RFR 4823133: RandomAccessFile.length() is not thread-safe

Martin Buchholz martinrb at google.com
Fri Dec 18 19:59:09 UTC 2015


On Fri, Dec 18, 2015 at 5:35 AM, Magnus Ihse Bursie
<magnus.ihse.bursie at oracle.com> wrote:
> On 2015-12-15 18:25, Martin Buchholz wrote:
>>
>> _FILE_OFFSET_BITS is generally an all-or-nothing thing, because it
>> affects interoperability between translation units.  It would be good
>> to convert all of the JDK build to use -D_FILE_OFFSET_BITS=64, but
>> that would be a big job.  So traditionally the JDK has instead used
>> the functions made available via _LARGEFILE64_SOURCE.  But that is
>> also a JDK-wide job now, because every call to plain stat in the
>> source code is broken on 32-bit systems with 64-bit inodes, which are
>> becoming more common.
>>
>> I recommend the _FILE_OFFSET_BITS=64 strategy, but it's probably a job
>> for build-dev, not core-libs-dev.
>
>
> If I understand things correctly, then setting _FILE_OFFSET_BITS=64 would
> mean two things:
> 1) Just pass this additional define to all C files being compiled (a build
> change)
> 2) Update all calls to file operating functions to make sure the proper
> 64-bit types are used (changes in source code).
>
> The change for 1) is a trivial one liner, while getting 2) correct is a
> serious undertaking in the source code.

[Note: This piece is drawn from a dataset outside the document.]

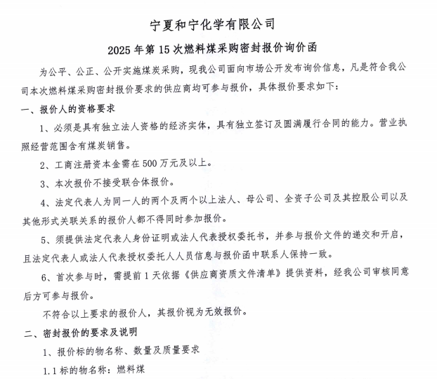 寧夏和寧化學(xué)有限公司2025年第15次燃料煤采購(gòu)密封報(bào)價(jià)詢價(jià)函.pdf [全文]

If everyone is properly pairing up their function calls with proper
types (i.e. using off_t consistently), then everything should Just
Work.

Such a change must be done by the
> component teams, not the build team.

I think this is an openjdk cultural problem - changes like this can
and should be done by one person, with help from component teams where
necessary.  It's safer to add _FILE_OFFSET_BITS=64 everywhere at once
(although hotspot and libraries can probably be cleanly separated) to
avoid type size disagreement between translation units.

For bonus points, we can later change all of those *64 functions back
to their standard equivalents.

With that said, I think it is a
> reasonable change and I'll support it as much as I can. But as the division
> of labour is done here, it's not the work of the build team to go and make
> heavy modifications to the product source code.